Мы подошли к сваленным в море бетонным блокам с ржавыми железными прутьями. Очевидно, кто-то из строителей, не заморачиваясь поиском свалки, попросту сбросил их на берегу.

В проеме между балками, в прозрачной зеленоватой воде, плавали рыбы разной величины.

— Всюду жизнь, — усмехнулась Лера.

— И как эта морская жизнь похожа на нашу! — заметил Семен, облокотившись о ржавую железку и рассматривая рыбье мельтешение.

Мы с Лерой тоже подошли поближе и наклонились, держась за прутья.

Бетон уже успел обрасти водорослями, похожими на густой длинный мох. Он шевелился от подводного ветра, а в его зарослях сновали рыбешки. Резво клевали что-то съедобное. Более крупные рыбы, двух-трех сантиметров, грубо отталкивали от «шведского стола» мелкоту. А несколько страшненьких пучеглазых рыб величиной с ладонь замерли с неправдоподобно большими для их роста разинутыми ртами, ожидая, пока течение сквозь дыры в бетоне занесет прямо в их пасти съедобности, то ли мелкую живность, то ли водоросли.

— Точно как в человеческом обществе, — оценила Лера. — Кто посильнее и побойчее, отталкивает от кормушки слабых и маленьких. А некоторым, как этим хитрым прожорам (Лера указала на пучеглазых), вообще не надо суетиться — знай, открывай рот, все само в него попадет, мимо утробы ничто не проплывет.

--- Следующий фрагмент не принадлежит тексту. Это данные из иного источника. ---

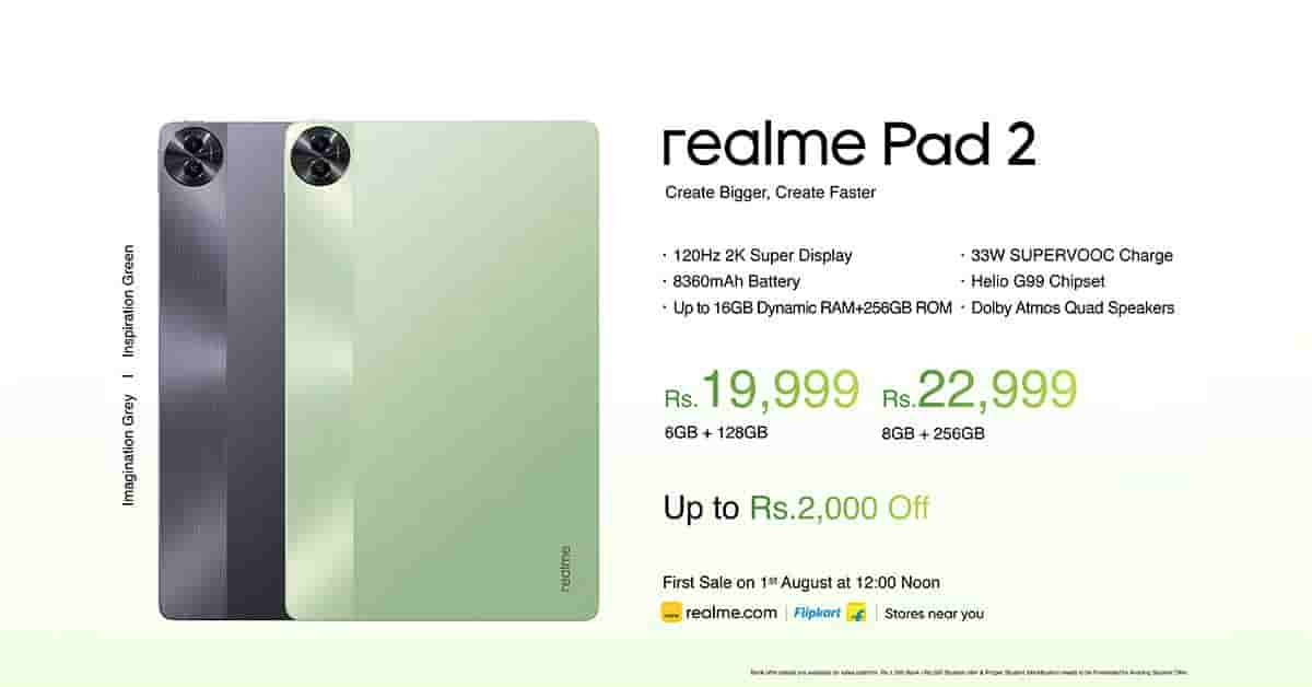 The first sale of this tablet will be on August 1, 2023, at 12:00 noon. Up to Rs 2,000 off will be available during the sale.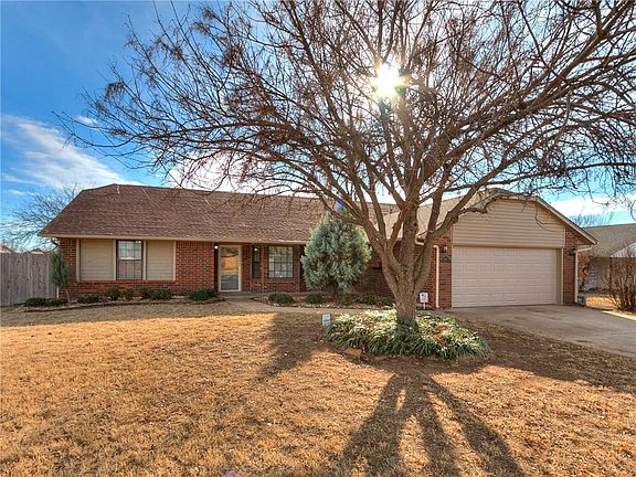 Gorgeous home on corner lot in the heart of Edmond (only one direct neighbor to the west, green belt behind)! On the exterior you will find a well maintained brick home home with low maintenance vinyl siding trim, gutters with screens, heavy glass storm door, insulated garage door, privacy fencing, 5 yr old roof and low maintenance landscaping. The living room features a curved brick fireplace, oversized mantle, accent lighting, surround sound, new paint and stained concrete floors. Kitchen and dining room have new flooring, white cabinets, breakfast bar, crown molding and plenty of counter space (Fridge can stay with acceptable offer). Master suite is a spacious room with two large closets, new carpet, 2" blinds, double sinks and shower tub combo. Secondary bedrooms have modern colors, new carpet, and large closets. Attic has12-16" insulation for energy efficiency. Seller is offering $400 credit for new paint/touchups.

Насмотревшись на миниатюру человеческой жизни в исполнении морских обитателей, мы уселись на гальке наблюдать за заходом солнца. На побережье это всегда великолепное зрелище, а здесь, на огромном открытом пространстве — особенно. Лера и Семен даже когда-то создали общество любителей закатов, из таких же романтиков: обменивались фотографиями, присуждали места, собирали общие альбомы и считали, что самые знатные — именно в Лазаревке.

— Сегодня будет красиво, — пообещал опытный собиратель закатов Семен и объяснил. — Потому что небольшая облачность, а значит, шоу на небе удастся.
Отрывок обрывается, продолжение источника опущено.